> Data items:

"""

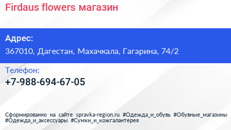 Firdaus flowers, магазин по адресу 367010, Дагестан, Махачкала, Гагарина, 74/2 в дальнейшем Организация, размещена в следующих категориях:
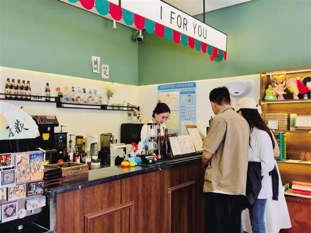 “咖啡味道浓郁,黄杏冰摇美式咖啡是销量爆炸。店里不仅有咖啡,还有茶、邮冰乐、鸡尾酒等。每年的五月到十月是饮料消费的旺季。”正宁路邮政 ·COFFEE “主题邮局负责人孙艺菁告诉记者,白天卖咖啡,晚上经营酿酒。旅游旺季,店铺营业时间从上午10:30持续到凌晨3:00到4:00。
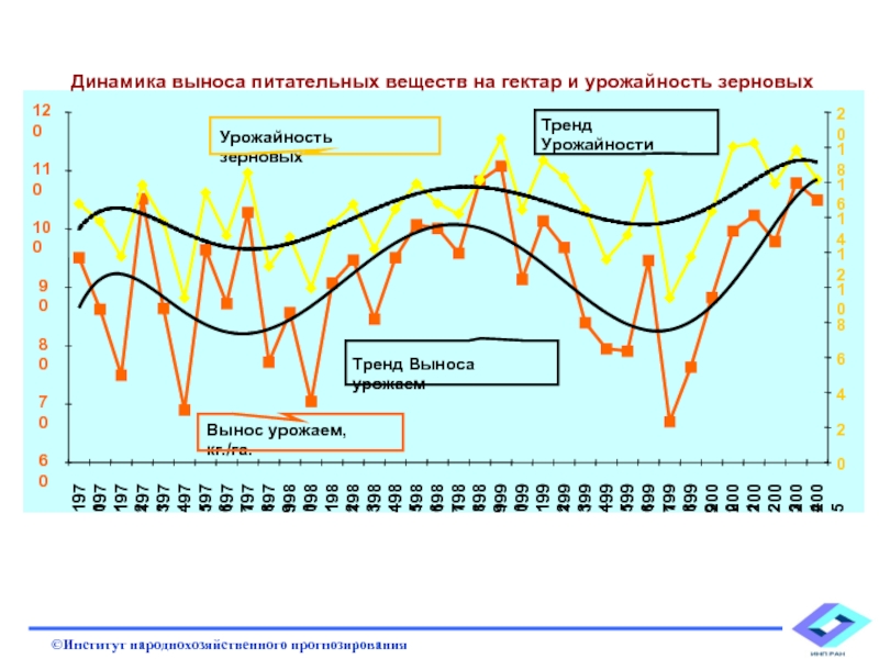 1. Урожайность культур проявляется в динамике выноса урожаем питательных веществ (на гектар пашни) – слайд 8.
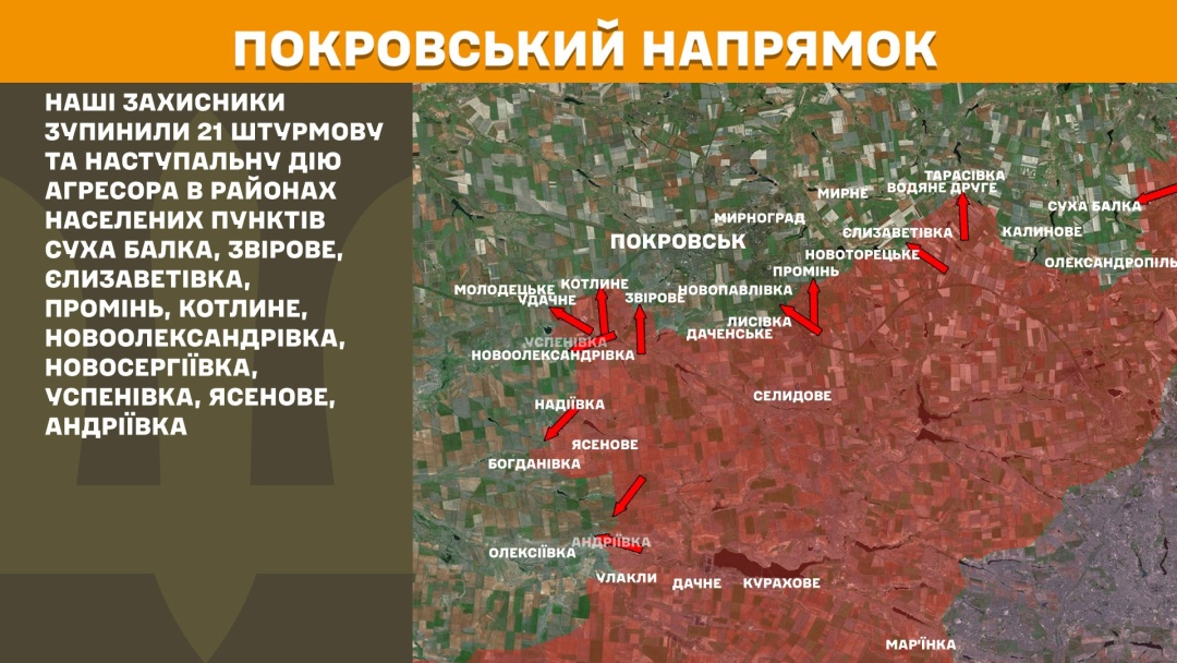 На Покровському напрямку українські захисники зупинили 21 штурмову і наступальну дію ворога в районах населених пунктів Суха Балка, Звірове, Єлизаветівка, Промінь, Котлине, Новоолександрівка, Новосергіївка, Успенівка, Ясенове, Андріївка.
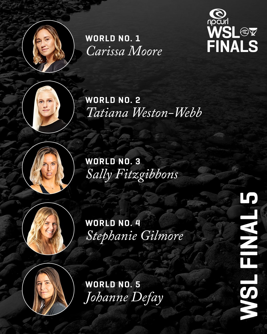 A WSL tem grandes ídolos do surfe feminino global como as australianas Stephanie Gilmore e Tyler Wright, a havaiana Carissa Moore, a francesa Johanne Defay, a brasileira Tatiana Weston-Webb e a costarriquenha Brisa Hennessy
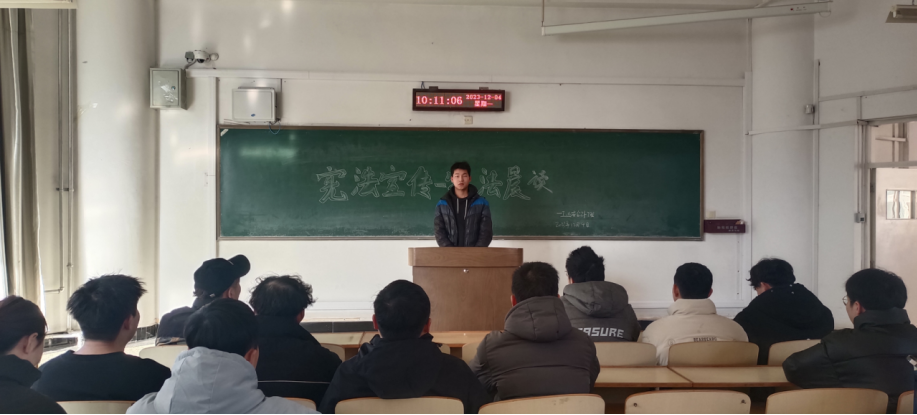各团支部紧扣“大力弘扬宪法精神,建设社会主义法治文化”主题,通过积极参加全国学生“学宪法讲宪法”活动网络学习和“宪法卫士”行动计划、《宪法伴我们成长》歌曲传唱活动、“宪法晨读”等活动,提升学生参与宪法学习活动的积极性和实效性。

"""

> Work instructions: Repeat the entries faithfully. Any picture gets left out.

> Worked solution:
 Firdaus flowers, магазин по адресу 367010, Дагестан, Махачкала, Гагарина, 74/2 в дальнейшем Организация, размещена в следующих категориях:
 “咖啡味道浓郁,黄杏冰摇美式咖啡是销量爆炸。店里不仅有咖啡,还有茶、邮冰乐、鸡尾酒等。每年的五月到十月是饮料消费的旺季。”正宁路邮政 ·COFFEE “主题邮局负责人孙艺菁告诉记者,白天卖咖啡,晚上经营酿酒。旅游旺季,店铺营业时间从上午10:30持续到凌晨3:00到4:00。
 1. Урожайность культур проявляется в динамике выноса урожаем питательных веществ (на гектар пашни) – слайд 8.
 На Покровському напрямку українські захисники зупинили 21 штурмову і наступальну дію ворога в районах населених пунктів Суха Балка, Звірове, Єлизаветівка, Промінь, Котлине, Новоолександрівка, Новосергіївка, Успенівка, Ясенове, Андріївка.
 A WSL tem grandes ídolos do surfe feminino global como as australianas Stephanie Gilmore e Tyler Wright, a havaiana Carissa Moore, a francesa Johanne Defay, a brasileira Tatiana Weston-Webb e a costarriquenha Brisa Hennessy
各团支部紧扣“大力弘扬宪法精神,建设社会主义法治文化”主题,通过积极参加全国学生“学宪法讲宪法”活动网络学习和“宪法卫士”行动计划、《宪法伴我们成长》歌曲传唱活动、“宪法晨读”等活动,提升学生参与宪法学习活动的积极性和实效性。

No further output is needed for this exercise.